▼

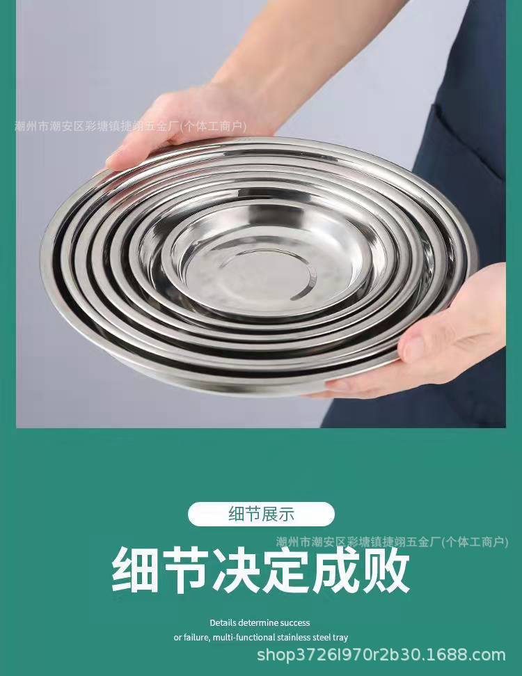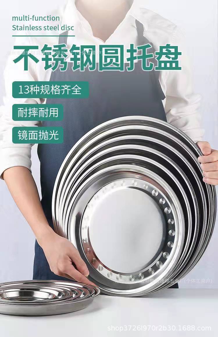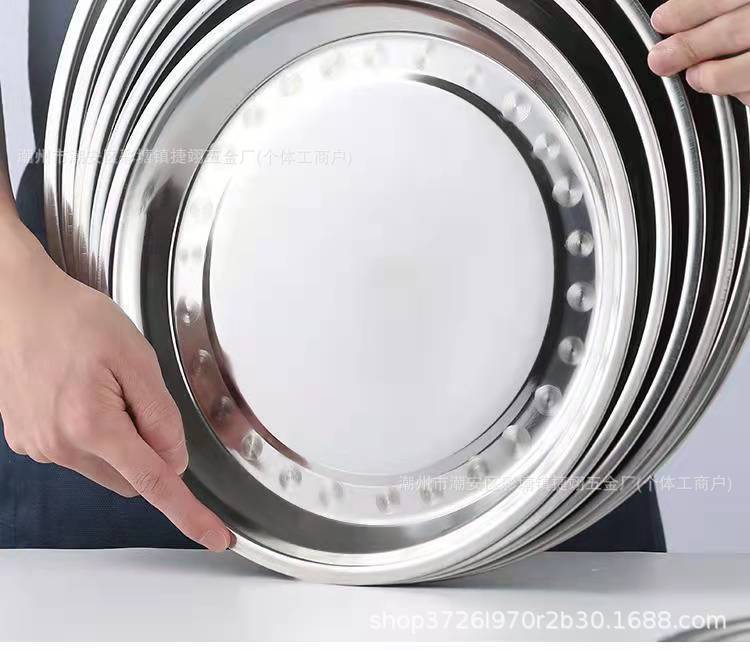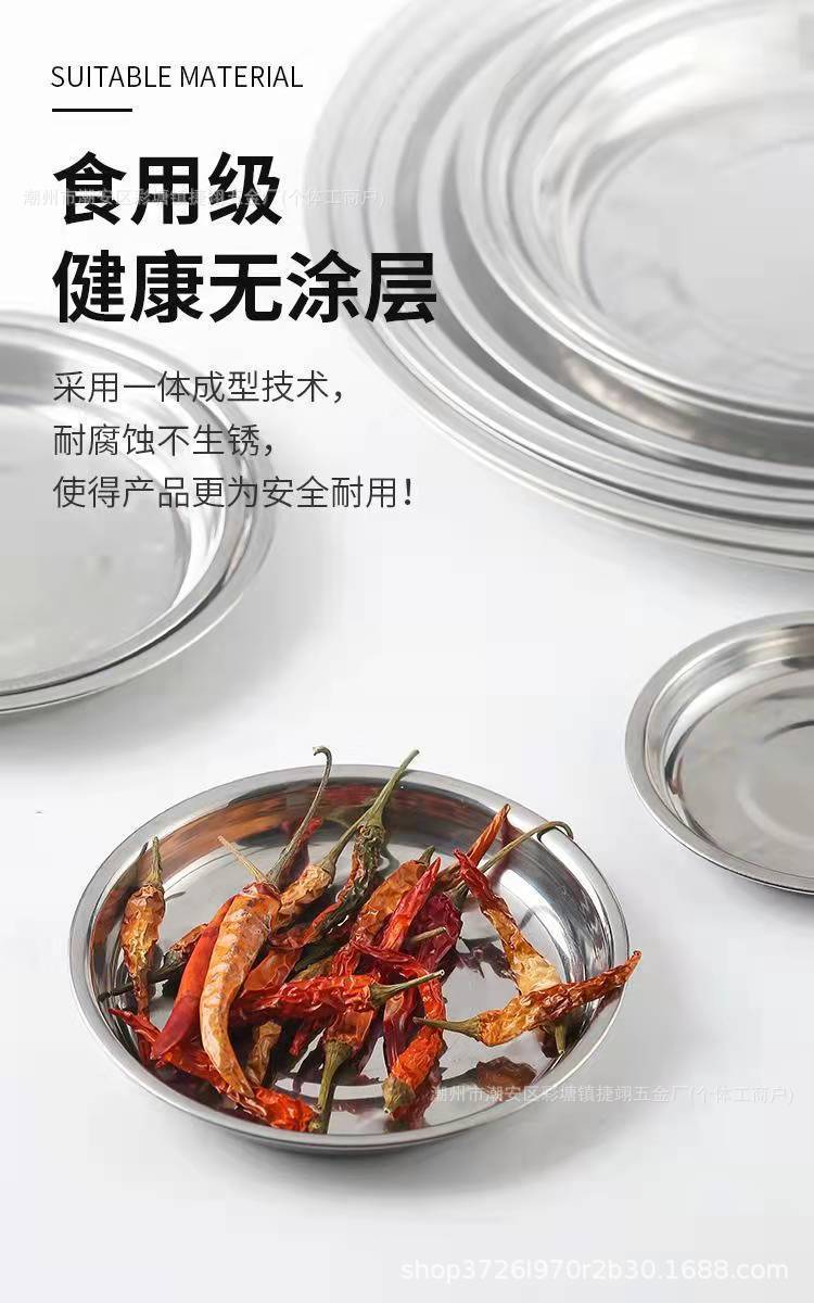 304 스테인레스 스틸 접시 라운드 가정용 접시 디저트 접시 두꺼운 아침 식사 접시 베이킹 팬 만두 접시 원형 접시스토어 가기
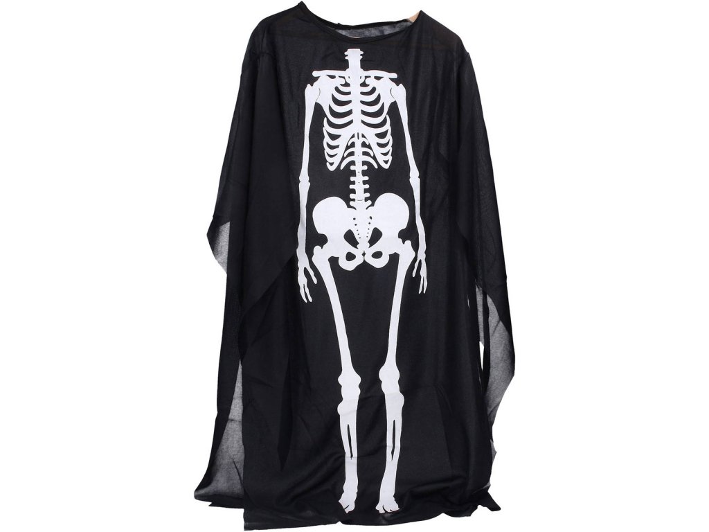 Černý plášť s kostrou bude skvělým doplňkem na halloweenskou párty nebo karneval. Délka pláště: 88cm. Karnevalový převlek Kostra (Kostlivec).
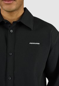 Hombre con camisa negra a rayas acanaladas de manga larga abotonada y pantalones a juego con pequeño logo blanco "PEGADOR" en el pecho y el muslo.
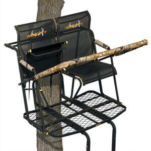 – 2-person ladder stand gives you and your buddy a place to hunt high above big game on the ground
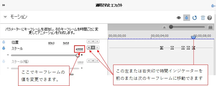 下図を見て頂いて、「左」または「右」矢印をクリックすると、時間インジケーターが「前」または「次」のキーフレームに移動します。この矢印のクリック操作で、時間インジケーターを対象のキーフレームに移動します。
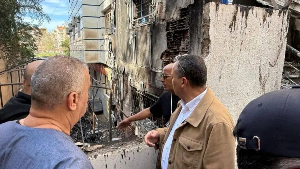 الزيارة جاءت بهدف تقييم الأضرار الناجمة عن الحريق .
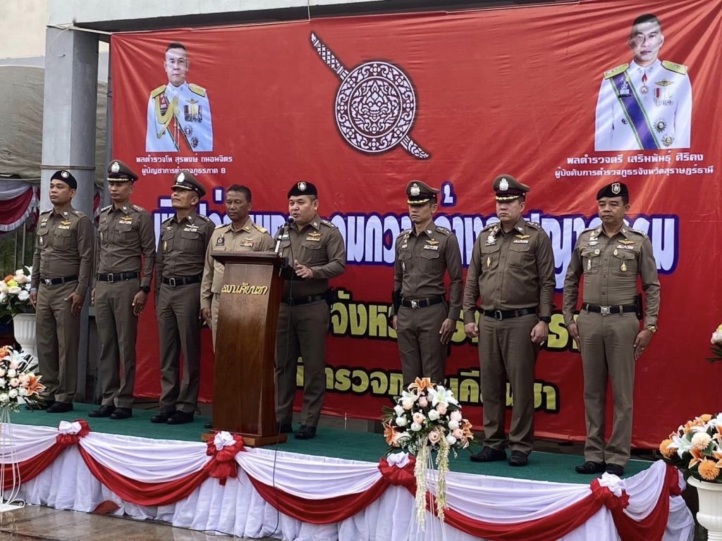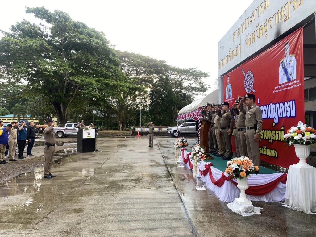 ร่วมปล่อยแถวระดมกวาดล้างอาชญากรรม ช่วงก่อนวันหยุดยาวเทศกาลสงกรานต์ (ห้วงวันที่ 1 – 10 เมษายน 2567) โดยมี พ.ต.อ.ณัฐชนน เกิดก่อ รอง ผบก.ภ.จว.สุราษฎร์ธานี เป็นประธานในพิธี

▲

Assignment ->
Please print the entries shown above again, exactly, and skip the pictures.

Answer for this exercise ->
 304 스테인레스 스틸 접시 라운드 가정용 접시 디저트 접시 두꺼운 아침 식사 접시 베이킹 팬 만두 접시 원형 접시스토어 가기
 Černý plášť s kostrou bude skvělým doplňkem na halloweenskou párty nebo karneval. Délka pláště: 88cm. Karnevalový převlek Kostra (Kostlivec).
 Hombre con camisa negra a rayas acanaladas de manga larga abotonada y pantalones a juego con pequeño logo blanco "PEGADOR" en el pecho y el muslo.
 – 2-person ladder stand gives you and your buddy a place to hunt high above big game on the ground
 下図を見て頂いて、「左」または「右」矢印をクリックすると、時間インジケーターが「前」または「次」のキーフレームに移動します。この矢印のクリック操作で、時間インジケーターを対象のキーフレームに移動します。
 الزيارة جاءت بهدف تقييم الأضرار الناجمة عن الحريق .
 ร่วมปล่อยแถวระดมกวาดล้างอาชญากรรม ช่วงก่อนวันหยุดยาวเทศกาลสงกรานต์ (ห้วงวันที่ 1 – 10 เมษายน 2567) โดยมี พ.ต.อ.ณัฐชนน เกิดก่อ รอง ผบก.ภ.จว.สุราษฎร์ธานี เป็นประธานในพิธี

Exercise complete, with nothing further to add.